Patient hemodynamics should be continually monitored. In cardiogenic shock patients, this is usually achieved with an arterial line and a Swan-Ganz catheter (the latter is increasingly being used for high-risk PCI as well). Inotrope and vasopressor use should be minimized, if possible, to maximize the likelihood of myocardial recovery.

Anticoagulation

Intravenous anticoagulation is commonly used to prevent thrombus formation and distal embolization. Optimal anticoagulation levels are not well defined; however, for IABP, the target activated partial thromboplastin time is usually 60 to 75 seconds.1 Although there are significant variations in anticoagulation practices, the manufacturer recommends a target activated clotting time of 160 to 180 seconds for Impella.2,3 Anticoagulation cannot be administered in some patients (eg, in those with active bleeding or a hemorrhagic stroke). MCS can be used in such patients without anticoagulation, at the cost of increased thrombotic risk. In IABP patients who do not receive anticoagulation, 1:1 counterpulsation should be used to minimize the risk of device thrombosis; the pump should never be stopped for > 30 minutes. Performing VA-ECMO without anticoagulation is possible due to developments in equipment, such as heparin-bonded tubing and heparin-coated polymethylpentene oxygenators.4 However, the possibility of oxygenator thrombosis remains.

Arterial Access

All MCS can lead to vascular access site complications, the risk of which increases with larger arterial sheaths. Access sites should be assessed hourly for bleeding, hematoma, and signs of infection. Moreover, the patient’s limbs should be monitored for signs of ischemia (color, sensation, temperature, movement, capillary refill) every 15 minutes during the first hour and then hourly thereafter.

Hemolysis

Hemolysis can occur with any MCS due to increased shear forces on the red blood cells. According to INTERMACS, minor hemolysis is defined as plasma-free hemoglobin > 20 mg/dL or a serum lactate dehydrogenase [LDH] > 2.5 times the upper limit of normal (ULN) range after the first 72 hours postimplantation in the absence of clinical symptoms, hemolysis, or abnormal pump function.5 Major hemolysis is defined as plasma-free hemoglobin > 20 mg/dL or an LDH level > 2.5 times the ULN occurring after the first 72 hours postimplantation and associated with clinical symptoms, hemolysis, or abnormal pump function). Major hemolysis requires the presence of one or more of the following conditions: hemoglobinuria (tea-colored urine), anemia (decrease in hematocrit or a hemoglobin level out of proportion to levels explainable by chronic illness or usual MCS care), hyperbilirubinemia (total bilirubin > 2 mg/dL, with predominately indirect component), and MCS malfunction and/or abnormal MCS parameters.

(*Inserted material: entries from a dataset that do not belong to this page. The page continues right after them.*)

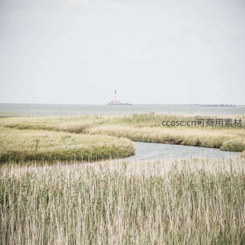 湿地水道蜿蜒穿过芦苇荡,远方灯塔若隐若现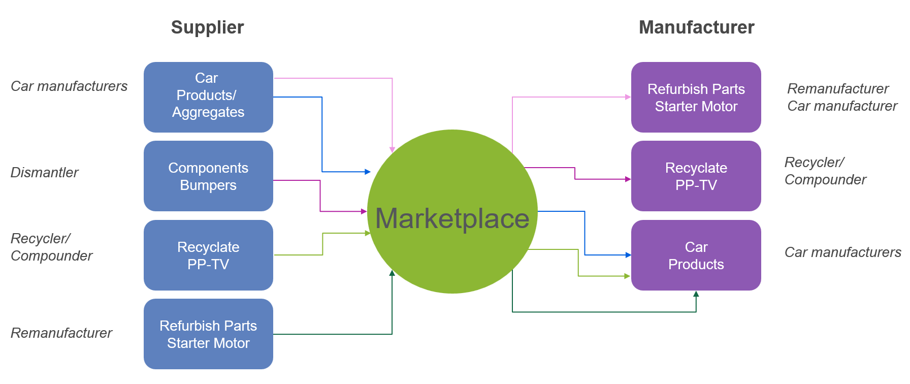 All in all, this means that the primary problem in creating circularity, especially in the automotive industry, which is already heavily regulated by legal requirements, is a communication problem. For this reason, it seems not only sensible but also necessary to create a communication platform where the various offers and requests of market participants can be exchanged.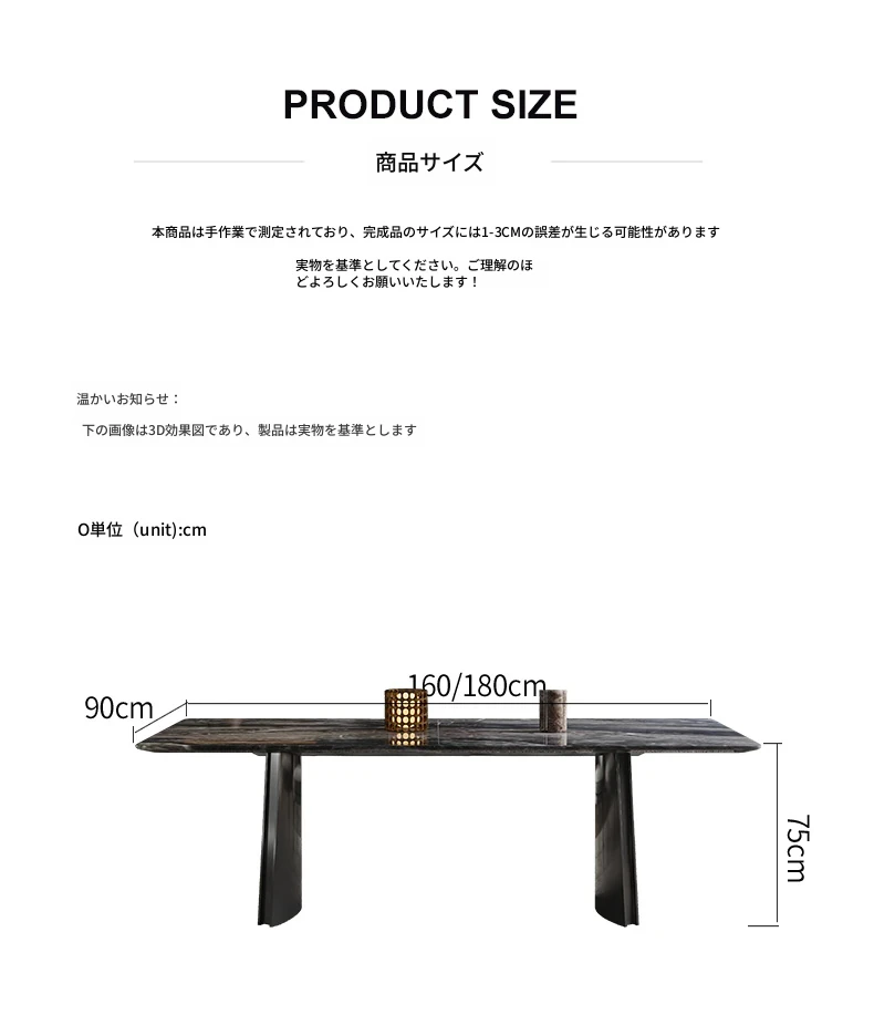 オレオグレー高級石/1.8メートルダイニングテーブル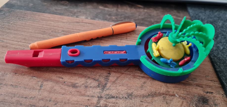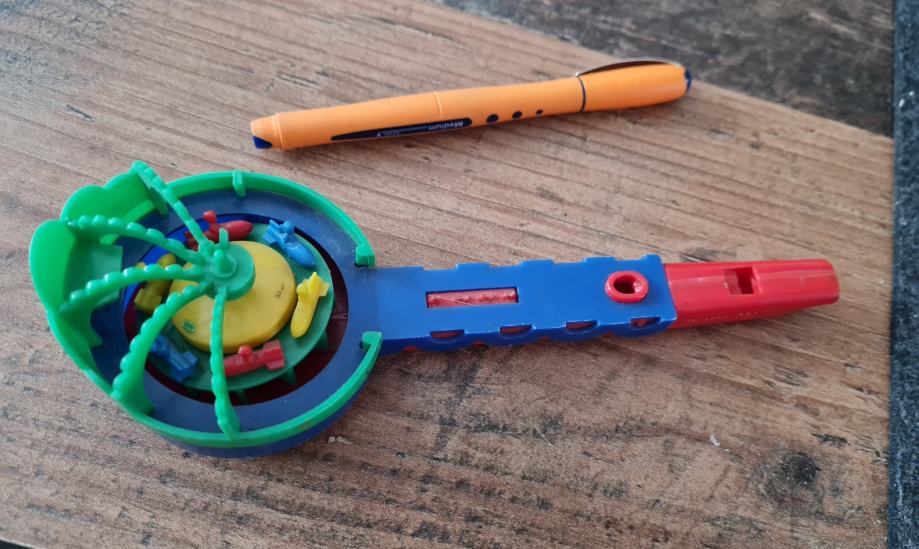 Stara dječja igračka, puhaljka, starost oko 60 godina, prilikom puhanja, okreće se prednji dio, fotografije...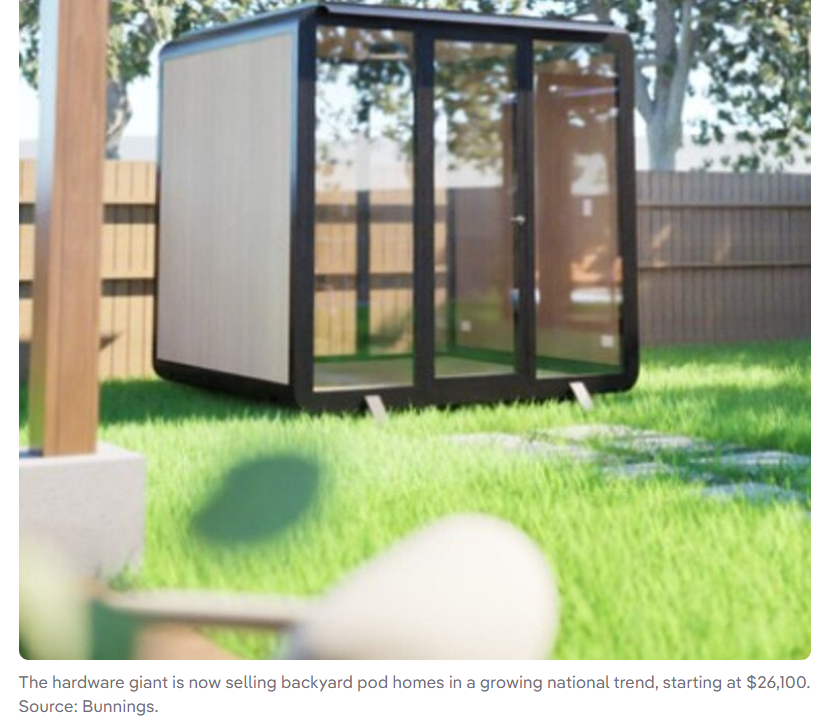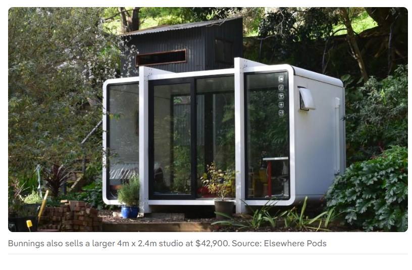Bunnings Warehouse已与一家创新型澳大利亚初创企业合作,推出紧凑型模块化住宅单元,其中许多设计巧妙地规避了传统建筑许可的要求。该零售商目前通过线上平台及店内"特殊订单"专柜销售Elsewhere Pods公司的平板包装住宅,提供两种型号:2.7米×2.4米规格售价26,100澳元,以及更大的4米×2.4米工作室规格售价42,900澳元。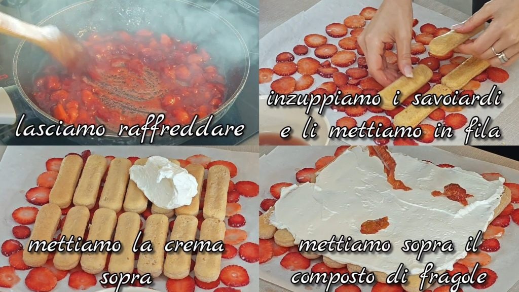 Un rouleau très simple préparé sans cuisson en utilisant des biscuits à la cuillère comme base, et pour la garniture une douce crème de ricotta et de crème fraîche enrichie d’une couche de fraises passées à la poêle. Un dessert très rapide à préparer que nous pouvons déguster en toute occasion ! Si vous aimez les fraises, essayez ce rouleau !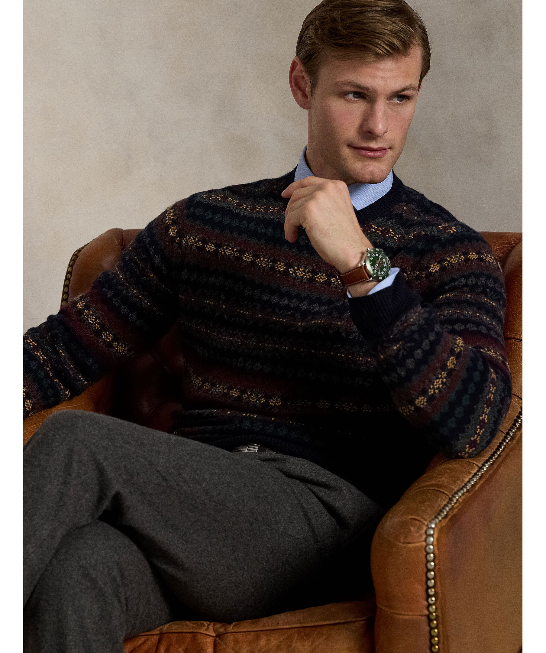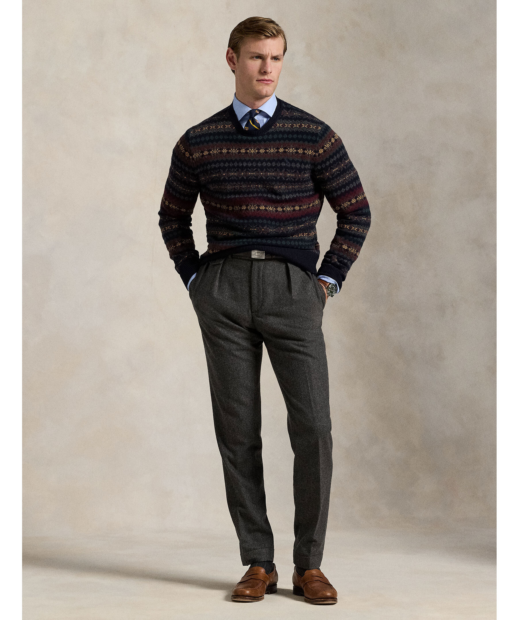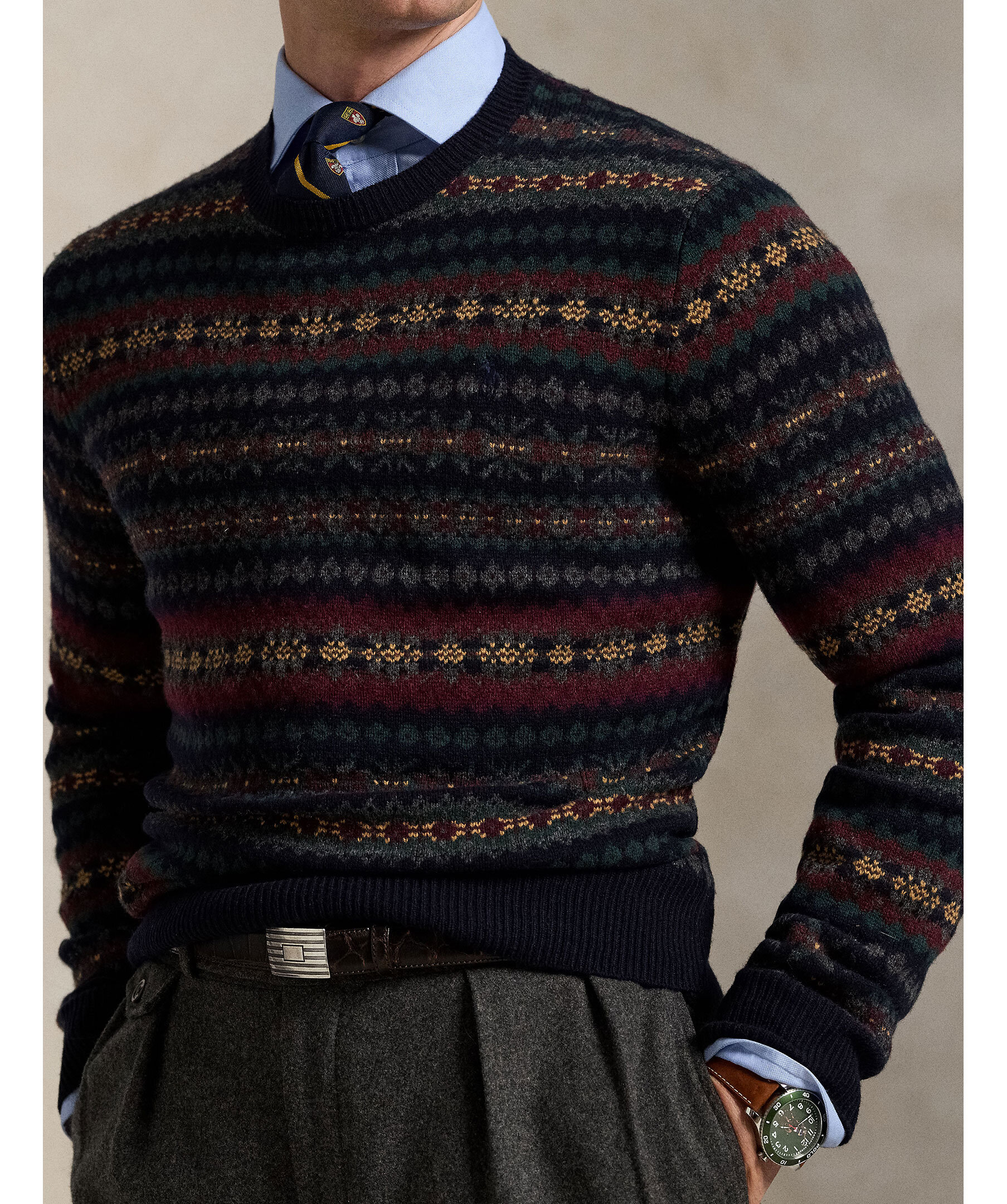 En stickad tröja med Fair Isle‑mönster från Polo Ralph Lauren. Tillverkad i ren ull, ribbstickade detaljer vid halsringning, ärmslut och nederkant ger bättre passform och komfort. Tröjan har rund hals och normal passform.

If significant hemolysis occurs, the type of MCS may need to be changed.

DEVICES

IABP

In addition to the previously mentioned necessary assessments, there are additional key monitoring aspects for an IABP.

Positioning.  Daily chest x-rays should be performed to confirm optimal device positioning in the descending thoracic aorta distal to the left subclavian artery origin. Distal IABP migration is common and may result in renal ischemia and reduce the hemodynamic efficacy of the counterpulsation. Pedal and radial pulses and perfusion should be checked regularly because device migration could affect upper and lower limb perfusion.

Timing.  The timing of inflation and deflation should be monitored to ensure optimal IABP function. The IABP should be placed in a 1:2 inflation ratio to ensure that the augmented systolic pressure is higher than the nonaugmented and the postaugmentation diastolic pressure is lower than the diastolic pressure after a nonaugmented beat (Figure 1).

Figure 1. IABP troubleshooting. Early inflation can cause potential premature closure of the aortic valve and increase left ventricular filling pressure and left ventricular wall stress and afterload (A). Late inflation can result in suboptimal coronary artery and peripheral perfusion (B). Early deflation: can cause suboptimal coronary perfusion, potentially causing retrograde coronary and carotid blood flow; it also leads to suboptimal afterload reduction and increased myocardial oxygen demand (C). Late deflation can result in increased afterload and myocardial oxygen consumption because the left ventricle is ejecting against greater resistance (D).

Urine output.  IABP distal migration can impair renal artery flow, which can affect renal perfusion and ultimately decrease urine output.

IABP tubing.  The IABP tubing should be assessed hourly for any signs of blood or helium leak.

Aortic dissection.  Monitor for aortic dissection (see the IABP Troubleshooting sidebar).

Impella

In addition to radiography and echocardiography, appropriate Impella placement is verified by the pressure waveform generated from the pressure sensor at the distal end of the pump. The placement signal is used to verify whether the Impella pump is correctly placed by evaluating the pressure differential on a pulsatile waveform. Appropriate placement can also be assessed on the display using the motor current waveform, which is a measure of the Impella pump’s energy intake. The energy used by the Impella device varies with motor speed and the pressure difference between the inflow and outflow areas of the pump. When the Impella device is correctly positioned with the inlet area in the left ventricle and the output in the ascending aorta above the aortic valve, the motor current should be pulsatile because of the pressure difference between the two areas.3,6 When the intake and output are on the same side of the aortic valve, the motor current will be dampened due to the lack of a pressure differential (Figure 2).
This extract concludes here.